Genes in closed chromatin display the highest levels of selection at synonymous sites
Although historically the synonymous substitution rate (dS or Ks) has been used as a measure of the rate of mutation, there is increasing evidence that selection may be occurring at synonymous sites . To investigate the potential role of any selection on synonymous sites in the disparity between dS and other measures of mutation, we analysed the rates of divergence observed across intron-exon boundaries . As shown in Figure 2, the rates of intronic divergence in open regions of the genome are comparable to those observed at corresponding exonic, fourfold degenerate sites. This would suggest that genes in open chromatin display little if any evidence for selection at their synonymous bases. However, genes in closed chromatin display markedly higher rates of divergence at their intronic sites than at corresponding fourfold degenerate sites. Genes in closed chromatin therefore, unlike those in open, display strong evidence for synonymous site selection.
As previously shown, open regions of the genome are particularly gene dense whereas closed regions are relatively gene poor . Consequently, the use of dS as a measure of mutation rate may be appropriate for a large proportion of genes. However, the use of dS as a surrogate measure of mutation rate for genes in closed chromatin will lead to the under-estimation of the true mutation rate in these regions and also the miscalculation of the levels of selection when used to measure dN/dS.
Exonic Splice Enhancers and RNA secondary structure
It has been proposed that synonymous sites may experience constraint because they play a role in controlling splicing or RNA stability . For example, synonymous sites may be part of an exonic splice enhancer (ESE) motif or lead to a more stable base-paired RNA that is less susceptible to degradation. Although codon usage bias (resulting from unequal abundances of tRNAs and subsequent selection at synonymous sites in favour of codons corresponding to the most abundant tRNAs) has also been proposed as an explanation of synonymous site selection, the evidence for this in mammals is weak . We therefore looked at the distribution of each predicted ESE motif across chromatin categories to see if their relative densities could explain the high levels of synonymous selection in closed chromatin. The density of a large proportion of ESE hexamers (44%) displayed a significant negative correlation with chromatin structure. However, given the base composition of ESE hexamers and coding regions across chromatin categories, we actually observed far fewer hexamers displaying a negative correlation than we would expect by chance (66%). This is because coding sequence base composition is itself correlated with chromatin structure and ESEs also show biases in their base composition. As shown in Figure 5A, excluding all sites from coding regions that overlap a predicted ESE hexamer leads to only a small increase in the rate of transitions observed at fourfold degenerate sites. Consequently, either there are many ESE motifs that are yet to be determined, or selection at synonymous sites is at most only partly the result of exonic splice enhancers.
We also compared the distribution of gene types across chromatin categories. If genes whose RNA structure is important were preferentially located in closed chromatin we may expect an over-representation of non-protein coding genes in closed regions. As shown in figures 5C+D, certain classes of non-protein coding genes are indeed over-represented in closed chromatin (rRNAs and snRNAs), while the distribution of other types of genes such as miRNAs and snoRNAs show no relationship with chromatin structure.

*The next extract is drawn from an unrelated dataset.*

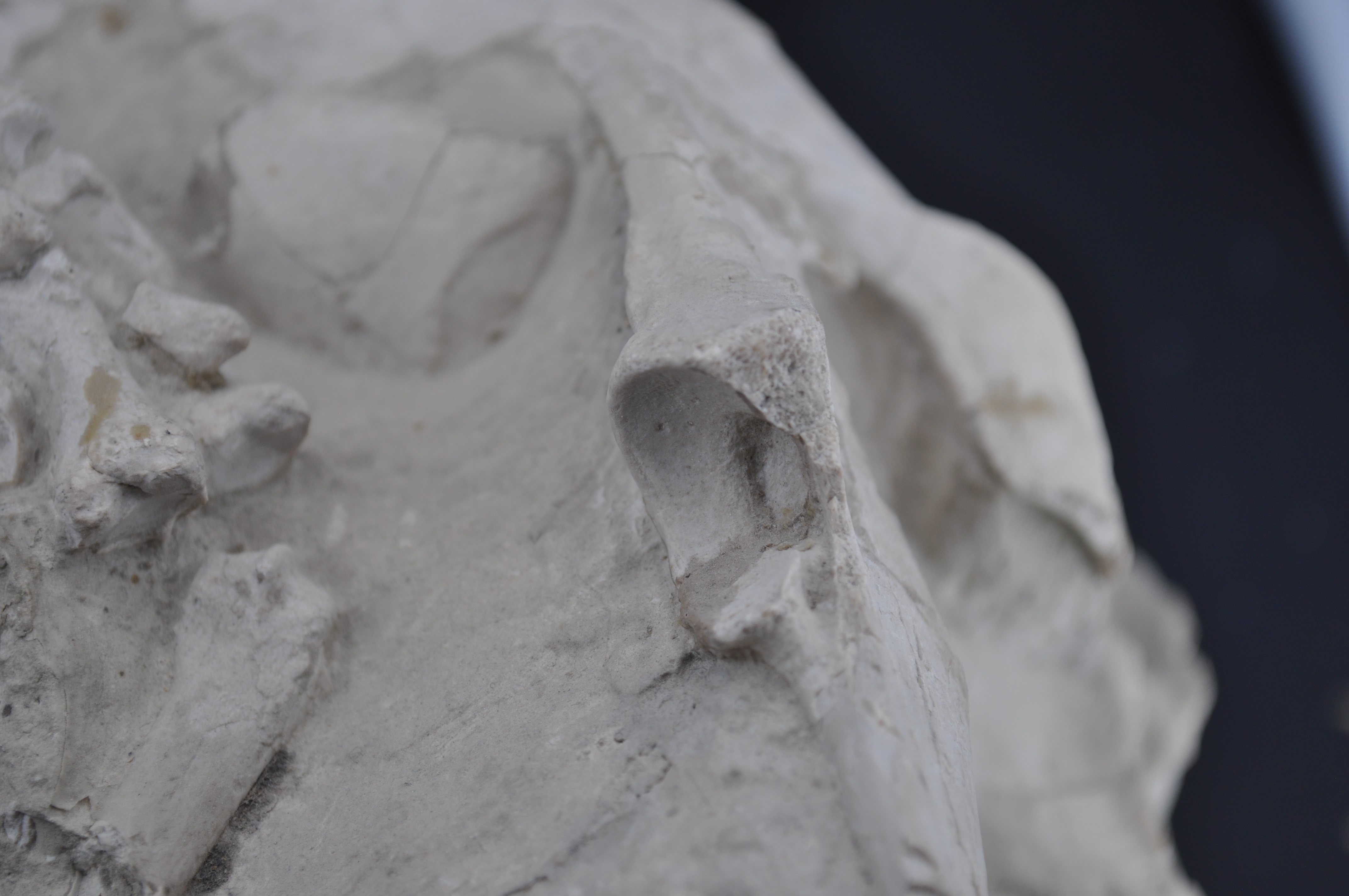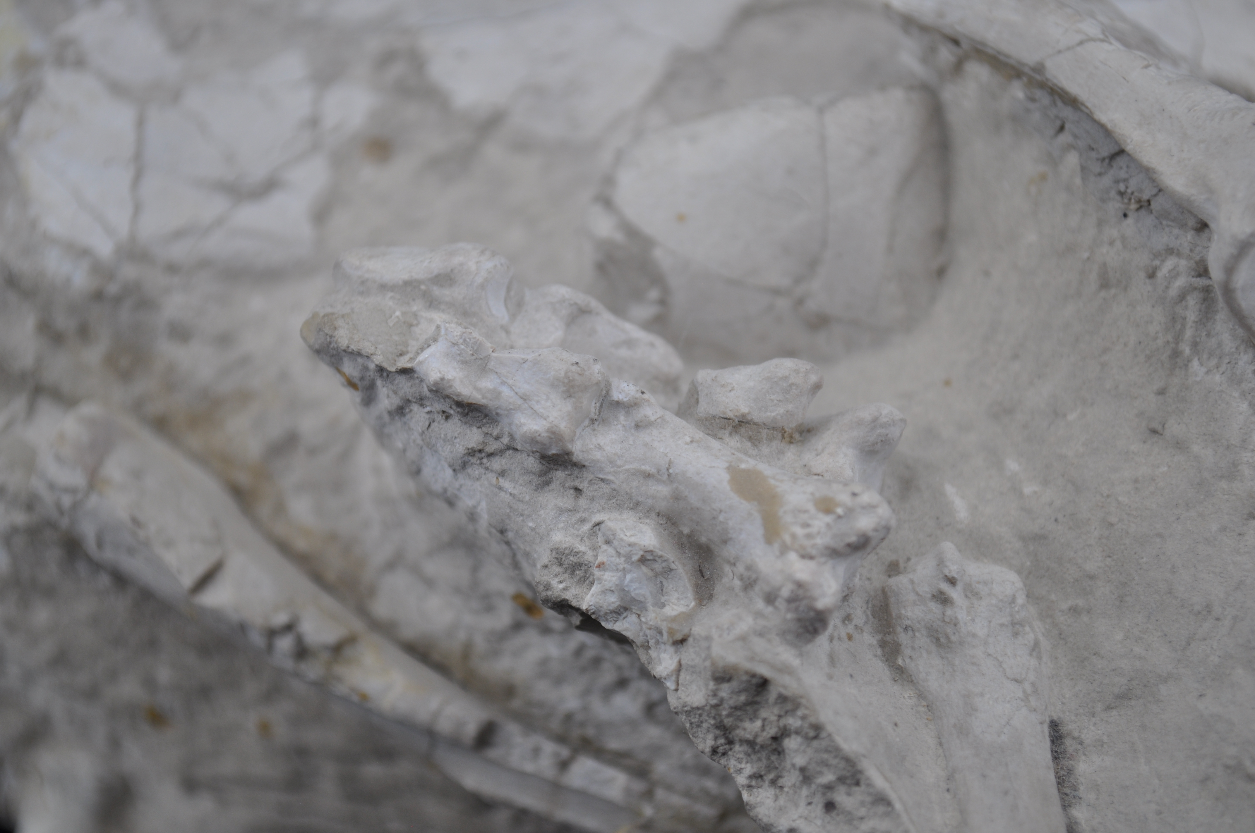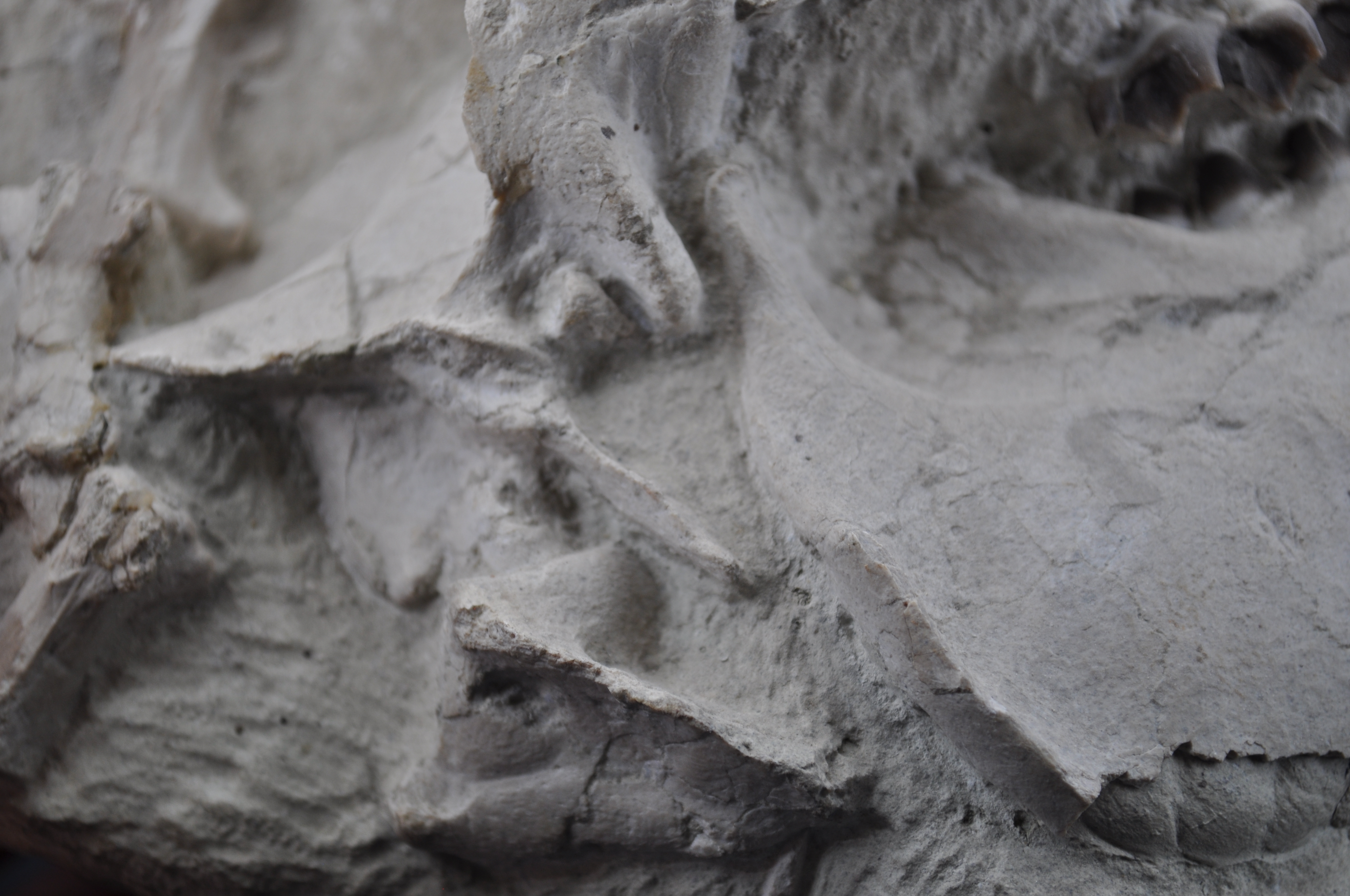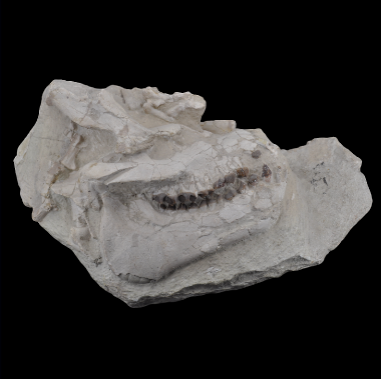 Crâne dans sa matrice de Merycoidodon culbertsoni. On y devine l’ensemble du crâne avec toutes les dents en place et l’atlas (C1) encore attachée, une patte avant et des éléments de patte arrière, un morceau du bassin coté gauche (attache du fémur) et quatres vertèbres caudales. Le tout est très bien conservé et forme un bloc harmonieux à 360°.

Further analysis is therefore required to determine why protein coding genes in closed regions of the genome display such comparatively high levels of selection at their synonymous sites. If it is indeed because of a requirement for a more stable secondary structure, then we may expect that the predicted stability of mRNAs from closed regions would be greater than those in open . Future tests of this kind may help determine the reasons behind the enrichment of selection at synonymous sites in closed chromatin observed in this study.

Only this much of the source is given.